§ EXERCISE DATA
=====
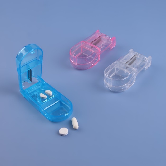 Таблетница с таблеторезкой, 8,5 × 4 × 2,5 см, 1 секция, цвет МИКС
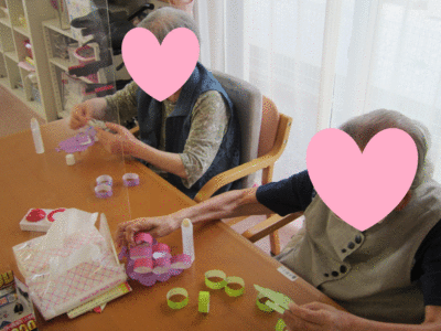 ぶどうの実の輪っか作りに皆様苦戦しておられ、『むずかしいね~』
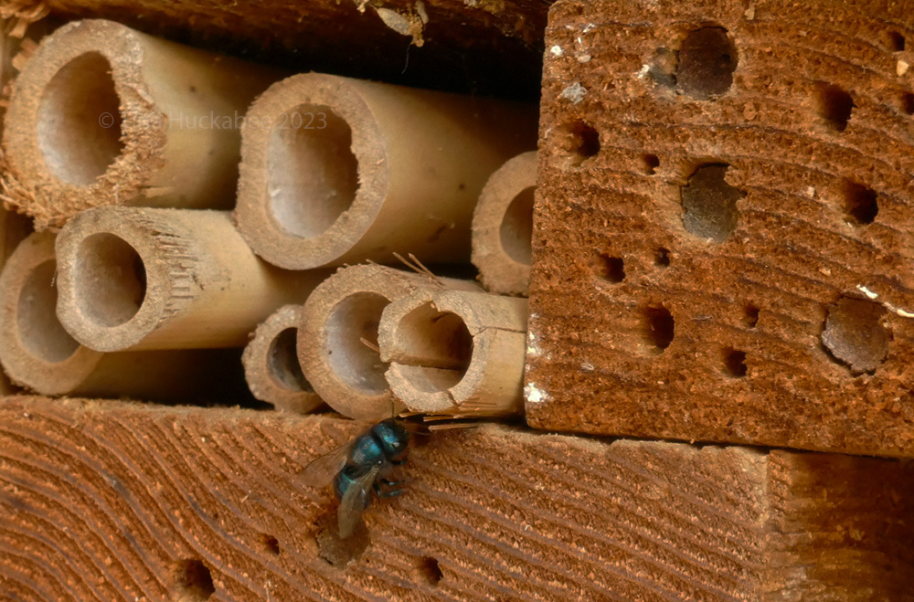 Near this bee apartment, made from untreated wood with drilled holes and bamboo tubes, there is constant activity, flying in, zooming out, and dotting the wood with metallic color.
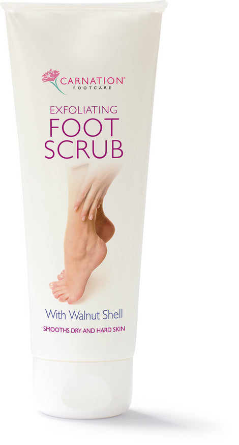 Carnation Exfoliating Foot scrub helps to smooth dry and hard skin. The ingredients walnut shell and mineral oils work be removing rough, hard skin to leave your foot feeling moisturise and soft.
=====
§ WHAT TO PRODUCE
The result should be every line of the data, reproduced exactly, with the images removed.

§ SOLUTION
 Таблетница с таблеторезкой, 8,5 × 4 × 2,5 см, 1 секция, цвет МИКС
 ぶどうの実の輪っか作りに皆様苦戦しておられ、『むずかしいね~』
 Near this bee apartment, made from untreated wood with drilled holes and bamboo tubes, there is constant activity, flying in, zooming out, and dotting the wood with metallic color.
 Carnation Exfoliating Foot scrub helps to smooth dry and hard skin. The ingredients walnut shell and mineral oils work be removing rough, hard skin to leave your foot feeling moisturise and soft.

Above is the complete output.